> _WORK TASK_: Starting at the first line of the listing below, retype each line up to and including the one that contains "Нежный букет из". Leave pictures out.

> _RECORDED INFORMATION_:
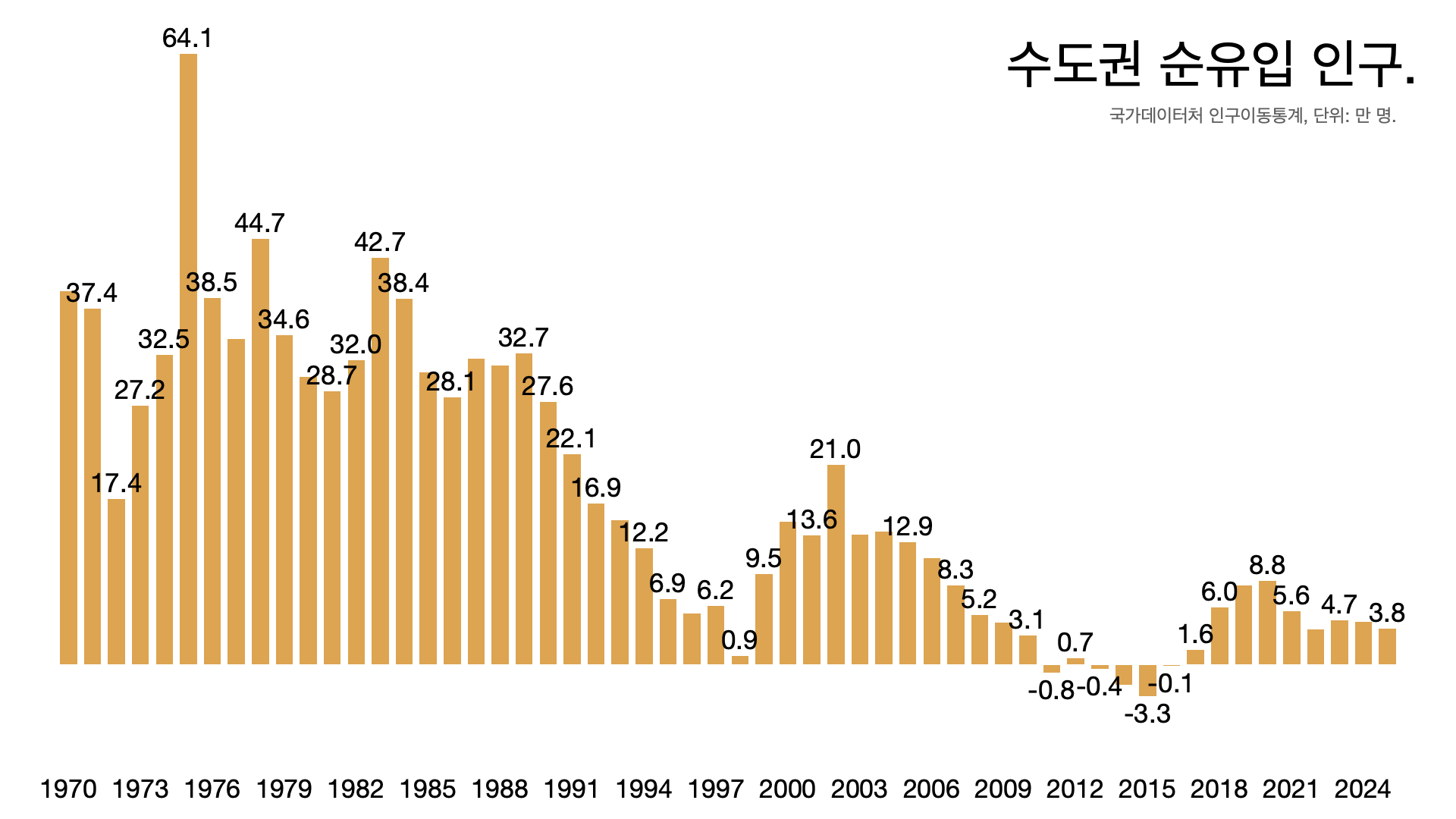 - 지난해 인구 이동 통계 결과다. 지난해 수도권 순유입이 3.8만 명이다.
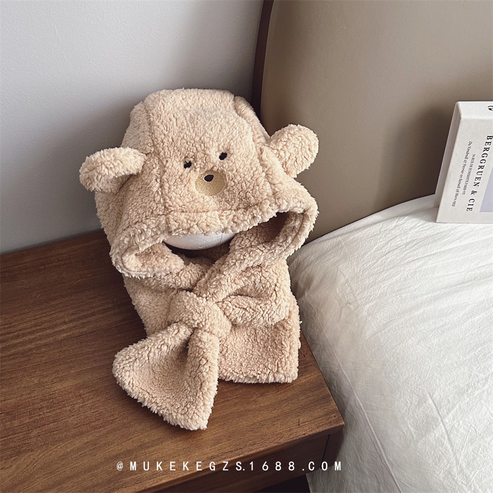 Autumn and winter polar fleece children's hat scarf one-piece suit cute bear fleece-lined warm earmuffs scarf
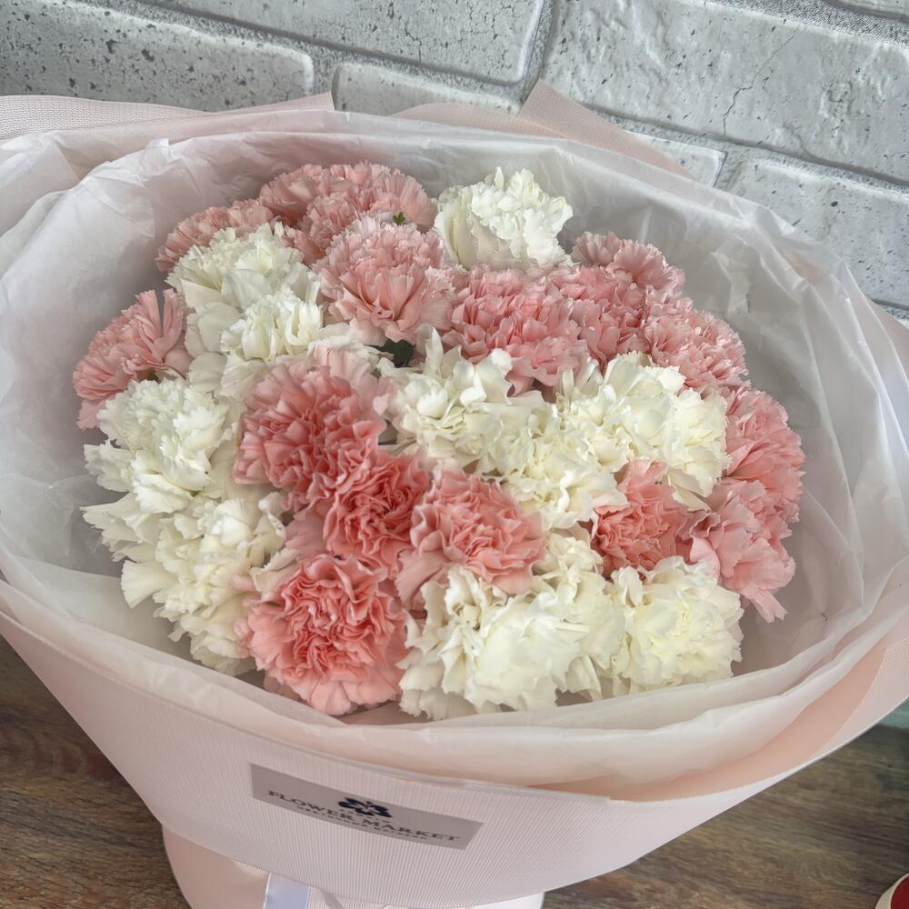 Нежный букет из диантусов, оттенки цветов и упаковки можно заменить по пожеланию
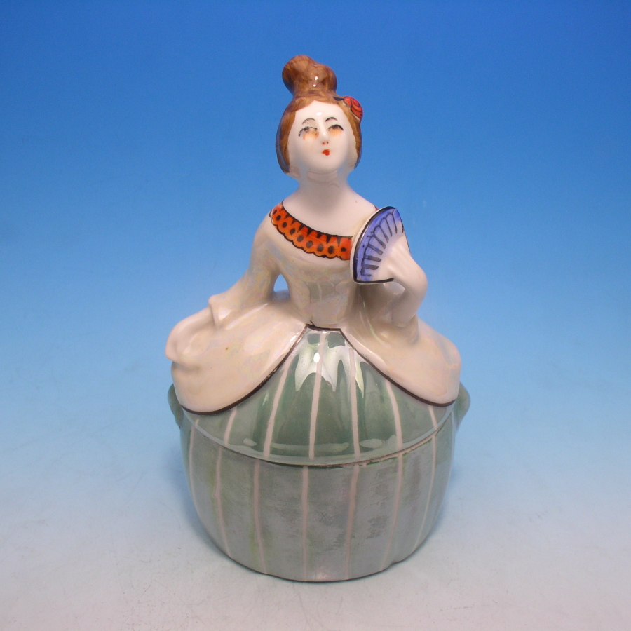 オールドノリタケのデコレディドレッサードールです。1924年頃~1935年頃にアメリカに輸出され、約100年の時を経て日本に里帰りしてきました。オールドノリタケは現在のノリタケカンパニーが明治末期から戦前までに製造したアンティーク陶磁器の総称です。豪華絢爛な西洋風絵付け陶磁器は海外で人気を博しました。近年では、約100年という長い歳月を経て日本に里帰りしてきたことで、わが国でも大変人気が高くなっており、美術工芸品として高い地位を確保しつつあります。

> _SOLUTION FOR THIS EXERCISE_:
 - 지난해 인구 이동 통계 결과다. 지난해 수도권 순유입이 3.8만 명이다.
 Autumn and winter polar fleece children's hat scarf one-piece suit cute bear fleece-lined warm earmuffs scarf
 Нежный букет из диантусов, оттенки цветов и упаковки можно заменить по пожеланию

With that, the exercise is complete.